[Action item] Please print every record exactly as it stands, leaving out the pictures.

[Source records]

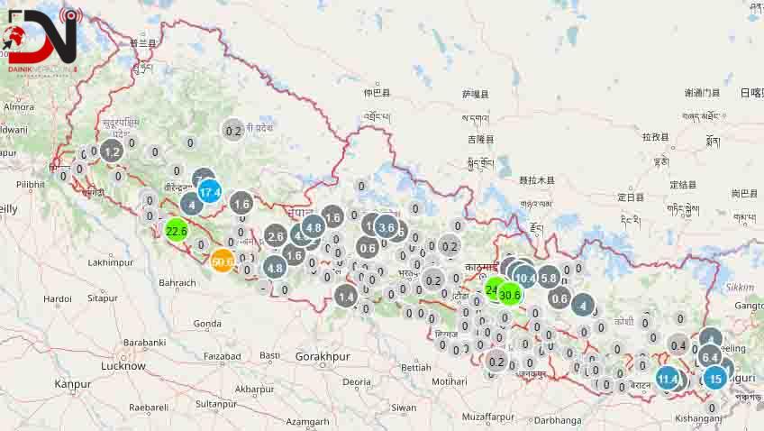 देशभर साधारणतया बदली रही गण्डकी, कोशी, बागमती, गण्डकी, लुम्बिनी र कर्णाली प्रदेशका एक–दुई स्थानहरुमा हल्कादेखि मध्यम वर्षा भइरहेको छ । बागमती तथा लुम्बिनी प्रदेशका केही भेगमा भारी वर्षा भइरहेको छ ।
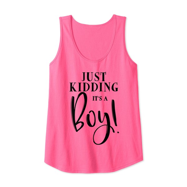 Womens Just Kidding It's A Boy Funny Gender Reveal Surprise Pink Tank Top
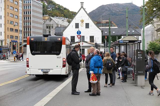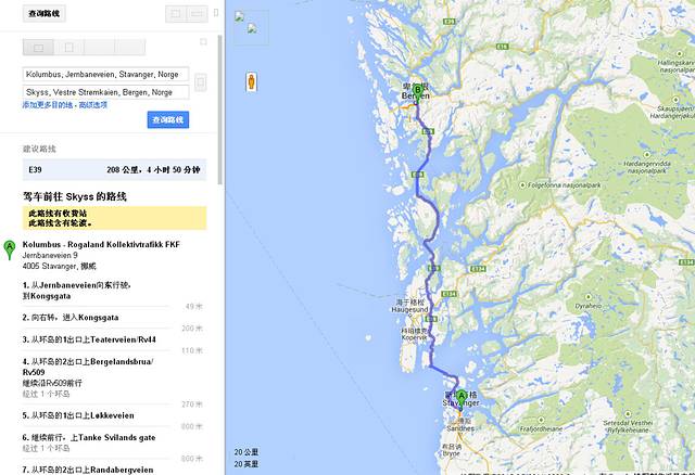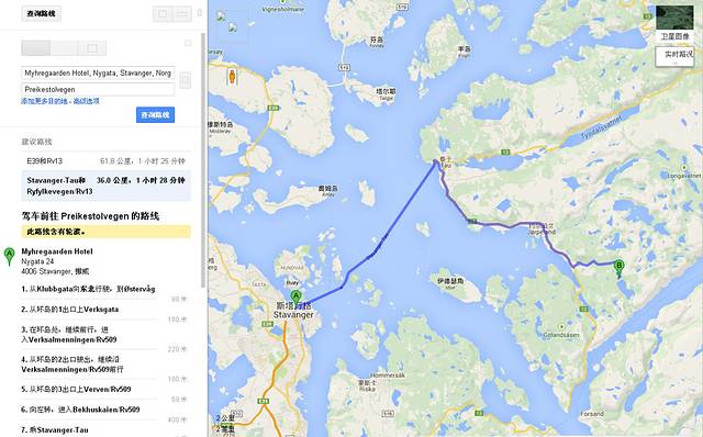 我们此行主要是以公共交通为主,但是去奇迹石的公交到9月上旬就结束了,因此只在斯塔万格租了一天车,市区只有Herz有网点,租车需要驾照和翻译件。挪威租车后,一般车上都有Autopass的芯片,会自动缴纳过路费,车通过缴费路段的时候,会有个绿色十字灯闪亮,表示交费了,费用最后算在账单内,很方便。去奇迹石的路上有2段是要收费的。网上说,如果是红色十字灯亮的话,就说明没装芯片,需要3天内自己去付款,否则会被罚款的。
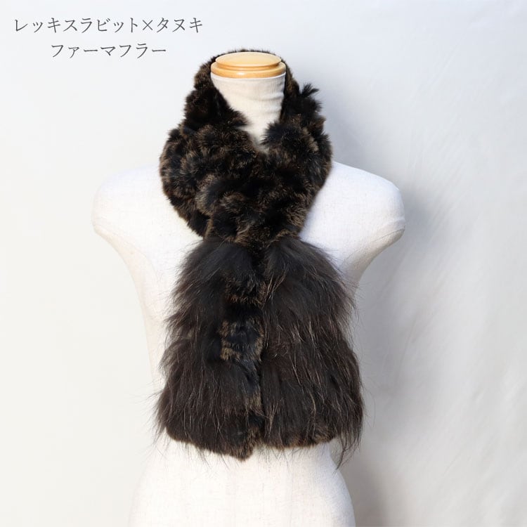 ふわふわのレッキスラビットとラクーンのファーをニット生地に編み込んだマフラーです。リバーシブル仕様、マフラーの片側を通せるスリット付きで、どなたでもオシャレに着用できます。
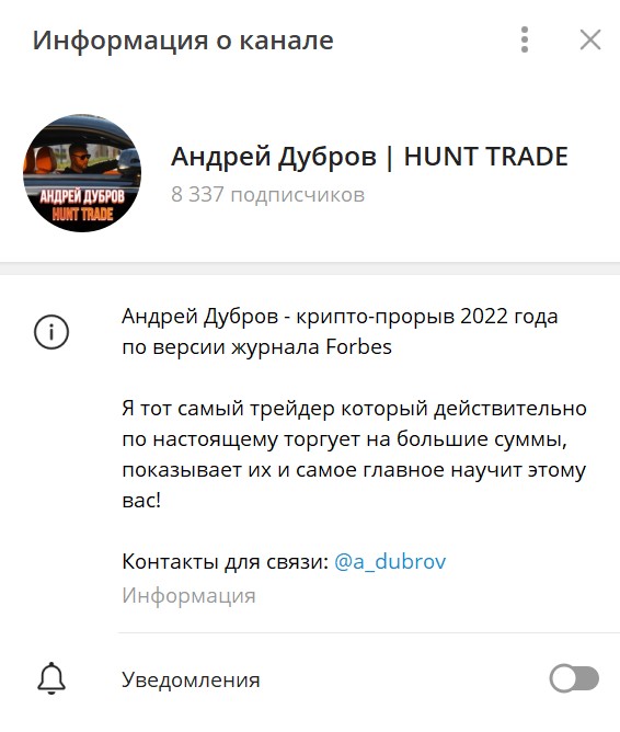 Андрей Дубров | HANT TRADE – это проект в Телеграмм трейдера Андрея Дуброва (@a_dubrov). Если верить тому, что написано в заставке канала, то Андрей Дубров, это крипто прорыв 2022 года, причем якобы по версии такого авторитетного американского журнала, как Forbes. Но потенциальных подписчиков с самого начала вводят в заблуждение – никаких подтверждений этому заявлению на самом деле нет. Далее разберемся, какие еще факты вызывают сомнение в честности автора проекта.
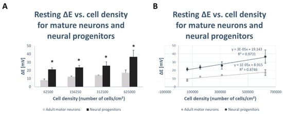 Mature human motor neuron cultures were tested in parallel with immature neural precursor cultures to validate the ability of our protocol to detect electrophysical maturation in neuronal cultures. Figure 3A shows that the motor neuron population possessed a significantly more hyperpolarized resting membrane potential than the immature neuron population, as expected, illustrating the ability of this protocol to reliably differentiate between electrophysically mature and immature resting membrane potentials in neuronal cultures. Furthermore, our protocol was consistent regardless of cell culture density. These values were then correlated with varying cell culture densities to note the relationship between the overall fluorescence with number of cells, since in a homogenous population such as this the relationship should be linear if the microplate is reading the dye reliably. Figure 3B shows that the relationship between ΔE and the cell density of the neural cultures is linear with a high correlation coefficient of 0.97 for the immature neurons, and 0.87 for the motor neurons, indicating that the microplate reader is indeed reading the dye in a reliable fashion.
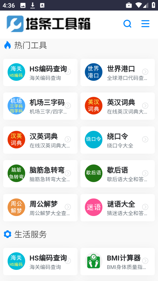 塔条工具箱,汇聚了HS编码查询、英汉翻译、趣味绕口令、传统歇后语、益智脑筋急转弯以及丰富谜语大全等多元化功能。其适用场景广泛,无需任何收费项目,无论是职场精英、求学学生,还是日常使用者,都能借助这一软件提升操作效率与便利性。
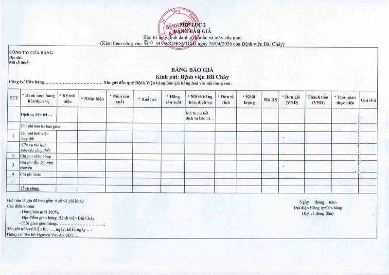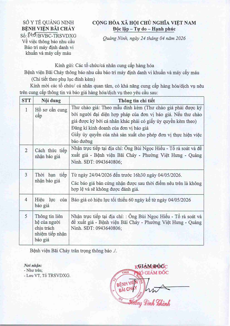 Thông báo số 823 về nhu cầu mua sắm trang thiết bị điện theo kế hoạch khoa phòng năm 2026
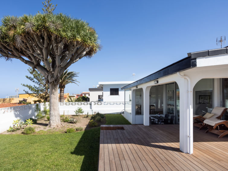 Moderne, schöne, gemütliche Villa "Las Aguilas". Im Ortszentrum von Punta Hidalgo, im Villenviertel, exzellente Lage: Absolut zentral und dennoch ruhig, 130 m vom Meer. Zur Alleinbenutzung: Liegewiese, wunderschöner Garten zum Entspannen. Sprudelbad, Parkplatz (für 2 Autos) beim Haus. Supermarkt 300 m, Restaurant 150 m, Bar, Café 110 m, Fußgängerzone 75 m, Bushaltestelle 150 m, Sandstrand "Playa del Arenal" 1.6 km. Surfschule 400 m. Nahe gelegene Sehenswürdigkeiten: Piscina Natural Punta del Hidalgo 350 m, Faro Punta del Hidalgo 1.6 km, Casa Tita 650 m, Cofradía de la Punta 450 m, Casa Pepe el Playa 3.9 km. Wandergebiete: Sendero Punta del Hidalgo.
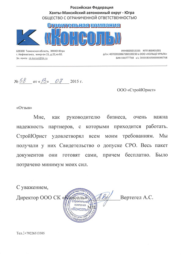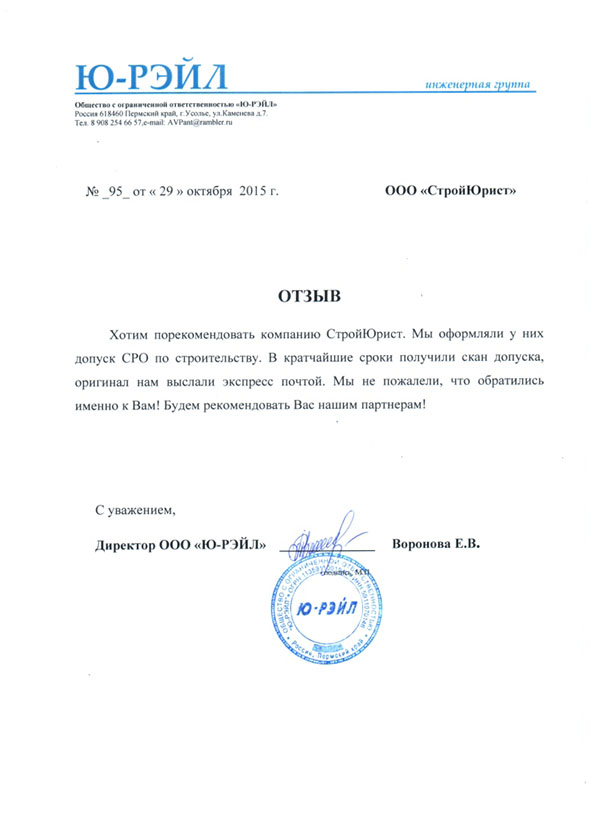 Отзывы клиентов "СтройЮрист" по вступлению в СРО в Колпино
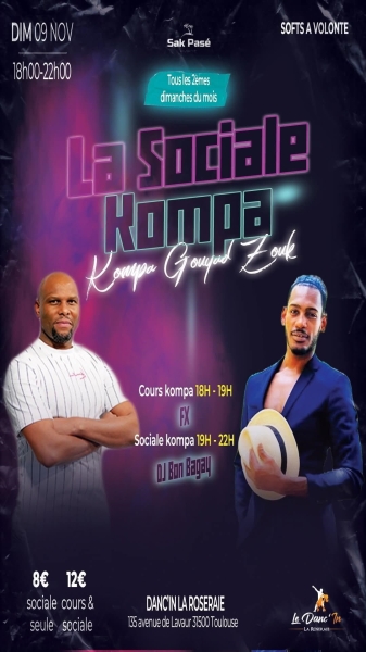 Date : Dimanche 08/03/2026 Horaires : 18h à 22h Tarifs : Sociale Kompa 8€ ; Cours + Sociale 12€ Organisateur : SAK PASÉ Adresse de l'événement : DANC'IN LA ROSERAIE 135 AVENUE DE LAVAUR 31000 TOULOUSE Informations complémentaires : Animation : FX et DJ Bon Bagay. Ambiance 100 % Kompa, Gouyad, Zouk. Sol en parquet, climatisation, sono et jeux de lumière. Softs à volonté. Vestiaire à disposition. Paiement espèces ou CB. Danses pratiquées : Danses de salon, Danses en ligne (Line dance), Danses rétro, Zouk Référence de l'annonce : 58591 call07 68 23 23 69

[Exercise response]
 देशभर साधारणतया बदली रही गण्डकी, कोशी, बागमती, गण्डकी, लुम्बिनी र कर्णाली प्रदेशका एक–दुई स्थानहरुमा हल्कादेखि मध्यम वर्षा भइरहेको छ । बागमती तथा लुम्बिनी प्रदेशका केही भेगमा भारी वर्षा भइरहेको छ ।
 Womens Just Kidding It's A Boy Funny Gender Reveal Surprise Pink Tank Top
 我们此行主要是以公共交通为主,但是去奇迹石的公交到9月上旬就结束了,因此只在斯塔万格租了一天车,市区只有Herz有网点,租车需要驾照和翻译件。挪威租车后,一般车上都有Autopass的芯片,会自动缴纳过路费,车通过缴费路段的时候,会有个绿色十字灯闪亮,表示交费了,费用最后算在账单内,很方便。去奇迹石的路上有2段是要收费的。网上说,如果是红色十字灯亮的话,就说明没装芯片,需要3天内自己去付款,否则会被罚款的。
 ふわふわのレッキスラビットとラクーンのファーをニット生地に編み込んだマフラーです。リバーシブル仕様、マフラーの片側を通せるスリット付きで、どなたでもオシャレに着用できます。
 Андрей Дубров | HANT TRADE – это проект в Телеграмм трейдера Андрея Дуброва (@a_dubrov). Если верить тому, что написано в заставке канала, то Андрей Дубров, это крипто прорыв 2022 года, причем якобы по версии такого авторитетного американского журнала, как Forbes. Но потенциальных подписчиков с самого начала вводят в заблуждение – никаких подтверждений этому заявлению на самом деле нет. Далее разберемся, какие еще факты вызывают сомнение в честности автора проекта.
 Mature human motor neuron cultures were tested in parallel with immature neural precursor cultures to validate the ability of our protocol to detect electrophysical maturation in neuronal cultures. Figure 3A shows that the motor neuron population possessed a significantly more hyperpolarized resting membrane potential than the immature neuron population, as expected, illustrating the ability of this protocol to reliably differentiate between electrophysically mature and immature resting membrane potentials in neuronal cultures. Furthermore, our protocol was consistent regardless of cell culture density. These values were then correlated with varying cell culture densities to note the relationship between the overall fluorescence with number of cells, since in a homogenous population such as this the relationship should be linear if the microplate is reading the dye reliably. Figure 3B shows that the relationship between ΔE and the cell density of the neural cultures is linear with a high correlation coefficient of 0.97 for the immature neurons, and 0.87 for the motor neurons, indicating that the microplate reader is indeed reading the dye in a reliable fashion.
 塔条工具箱,汇聚了HS编码查询、英汉翻译、趣味绕口令、传统歇后语、益智脑筋急转弯以及丰富谜语大全等多元化功能。其适用场景广泛,无需任何收费项目,无论是职场精英、求学学生,还是日常使用者,都能借助这一软件提升操作效率与便利性。
 Thông báo số 823 về nhu cầu mua sắm trang thiết bị điện theo kế hoạch khoa phòng năm 2026
 Moderne, schöne, gemütliche Villa "Las Aguilas". Im Ortszentrum von Punta Hidalgo, im Villenviertel, exzellente Lage: Absolut zentral und dennoch ruhig, 130 m vom Meer. Zur Alleinbenutzung: Liegewiese, wunderschöner Garten zum Entspannen. Sprudelbad, Parkplatz (für 2 Autos) beim Haus. Supermarkt 300 m, Restaurant 150 m, Bar, Café 110 m, Fußgängerzone 75 m, Bushaltestelle 150 m, Sandstrand "Playa del Arenal" 1.6 km. Surfschule 400 m. Nahe gelegene Sehenswürdigkeiten: Piscina Natural Punta del Hidalgo 350 m, Faro Punta del Hidalgo 1.6 km, Casa Tita 650 m, Cofradía de la Punta 450 m, Casa Pepe el Playa 3.9 km. Wandergebiete: Sendero Punta del Hidalgo.
 Отзывы клиентов "СтройЮрист" по вступлению в СРО в Колпино
 Date : Dimanche 08/03/2026 Horaires : 18h à 22h Tarifs : Sociale Kompa 8€ ; Cours + Sociale 12€ Organisateur : SAK PASÉ Adresse de l'événement : DANC'IN LA ROSERAIE 135 AVENUE DE LAVAUR 31000 TOULOUSE Informations complémentaires : Animation : FX et DJ Bon Bagay. Ambiance 100 % Kompa, Gouyad, Zouk. Sol en parquet, climatisation, sono et jeux de lumière. Softs à volonté. Vestiaire à disposition. Paiement espèces ou CB. Danses pratiquées : Danses de salon, Danses en ligne (Line dance), Danses rétro, Zouk Référence de l'annonce : 58591 call07 68 23 23 69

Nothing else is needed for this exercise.